On Wed, Oct 8, 2008 at 9:02 AM, Gerard Meijssen
<gerard.meijssen(a)gmail.com>wrote;wrote:
Hoi,
The expert is anything but anonymous. What I gave you is the reason why we
do not have a public mailing list. The arguments as they happened have been
published. There is nothing more.
You have to appreciate that for us it is also a hobby. The policy is as it
is to prevent endless bickering and to provide a predictable result. This
is
what we do. When people are against on principle, there is no point in
further discussion. They are against on principle and will use any argument
to get their way.
Yet LangCom is also to be held at fault. Some members of said committee
have adopted a stance of "those are the rules, no exceptions. If you don't
like
the rules, get consensus to change them."

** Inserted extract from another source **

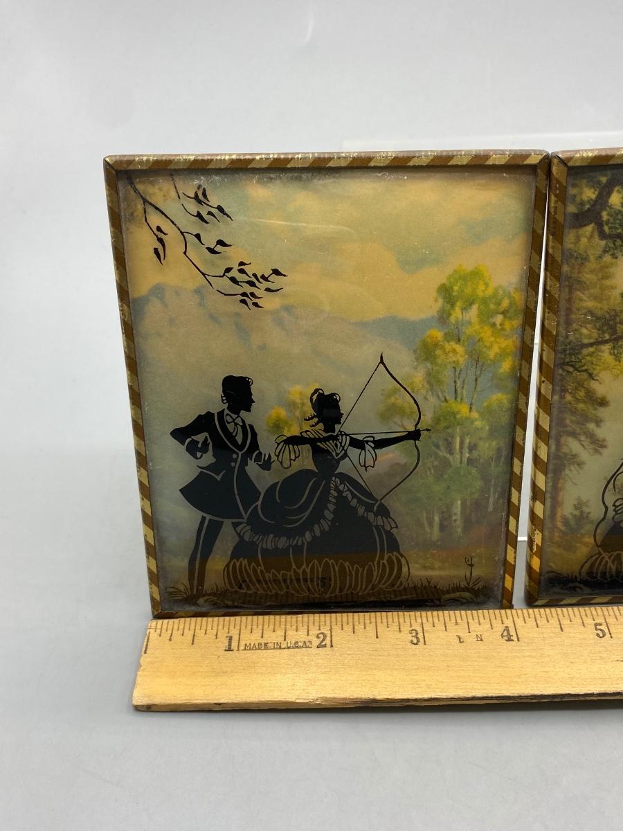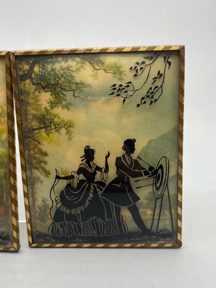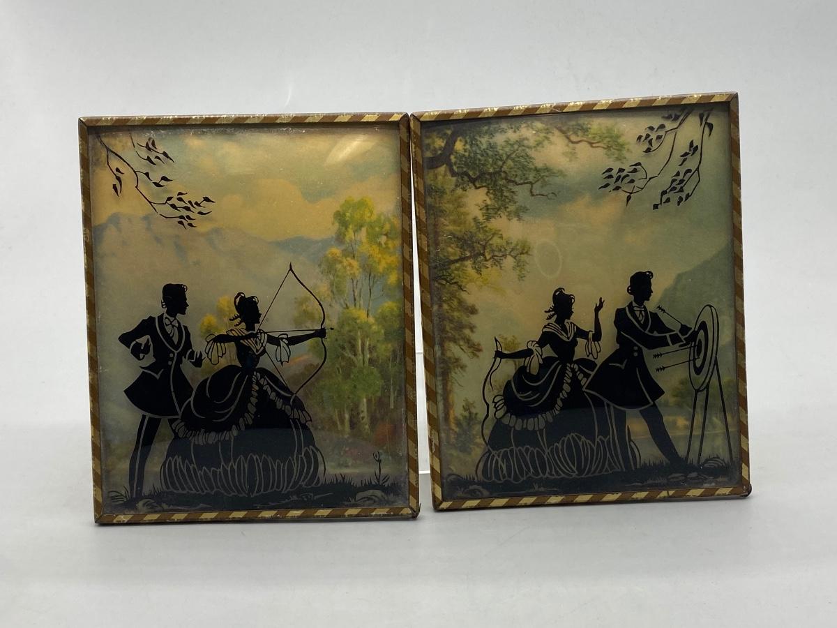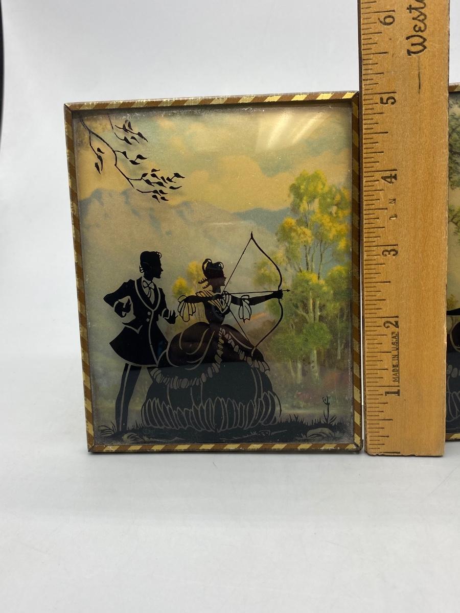 Pair of Antique Bubble Glass Reverse Painted Silhouette Victorian Romantic Couple Archery Hanging Art. In good condition. About 4"x5" size.

Sometimes rules can be bent, sometimes they should be broken entirely.
It all comes down to using common sense.
I care for languages, I care for projects to do well. Any language. I have
no reasons to treat languages differently and the policy and the
implementation of the policy proves this.
Sometimes I think you care more for minority languages than the speakers
do themselves. This is a good thing! We need more people caring about
languages.
People who oppose have their
special interest at heart. They are welcome to their position but it does
not make for predictable results if we give in to all the bleeding hearts.
God forbid we show some empathy...
In the end you will only hear from people who do not get their way. The
people who are happy with the results of the policy you do not hear.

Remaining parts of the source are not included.